Book Club: Wikinomics

May 25, 2007 | By Joel Dehlin | 6 Comments

I just started reading this one and am loving it. It can be dry and redundant, but the examples of commerical entities using mass collaboration are worth wading through a few moments of drudgery.

Michael Ross said...

The downloadable online membership directory in csv format is a nice step in the right direction. With that kind of thing, we can keep track of who is new in our ward and might need a visit and who moved out. It would be helpful if you could add to the csv file some kind of unique member and family identifiers.

For members, there are their membership record numbers, but you use them to give people login IDs to the ward website, so you probably want to keep that confidential. You could create another unique identifier for members or figure out another way to grant people access to ward websites. It sure would be nice to be able to tell if the John Smith that just showed up on our records was the same John Smith that moved out three months ago or a different one.
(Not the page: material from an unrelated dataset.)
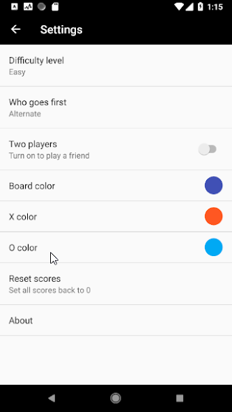 - Choose the color of the game board, X and O

I don’t think there is currently a unique global family identifier, but it would be helpful for tracking families moving in, out, or within the ward. If a father and mother get divorced and all the kids stay with the mother, the cleanest record keeping approach would be to take the father out of the family and leave the rest of the family in place. Without a globally unique family identifier, the best we can do is attach the family to the head of household’s globally unique identifier. Problem is, the head of household changes from time to time, while most of the rest of the family can remain intact. This can require some record keeping acrobatics without a globally unique family identifier.

Tatiana said...

Wikis are awesome! I’m totally a fan of using them in millions of ways. I think wikipedia is only the start. I’m trying to get my company right now to promote an internal wiki to function as a central repository for all our corporate knowledge. I’m in an industry (nuclear power) in which the workforce is mostly retirement age, and we have huge problems of knowledge transfer to the new generation taking over. Add that to the critical nature of the quality of our work, and we definitely need all the tools we can get to help us out. The book Wikinomics is about something rather different, about using the collaborative efforts of unpaid contributors to make money. I’m not sure how exciting that is to me, but the non-commercial ones I love. Wikipedia is amazing.

Check out my wiki on the web at http://www.avertinghumanextinction.org. I’m just getting it started, and gradually adding more content.

Daniel said...

There are so many ways wikis are being used today. One exciting one is which has great potential is wikis as genealogical research tools. Werelate.org is one of the best example of a this. I have also implemented a wiki that has restricted access to family members for capturing histories of our living family members.

Joel Dehlin said...

I love the first story listed in the book. A gold company in Canada needed help finding gold on one of their plots of land. The chief executive for the company decides to take all of the information they have on the property (surveys, seismic data, sub-surface analyses, etc.) and open it up to the public. They offered some prizes for help.

They received an incredible breadth and depth of assistance and have subsequently found several million ounces of gold.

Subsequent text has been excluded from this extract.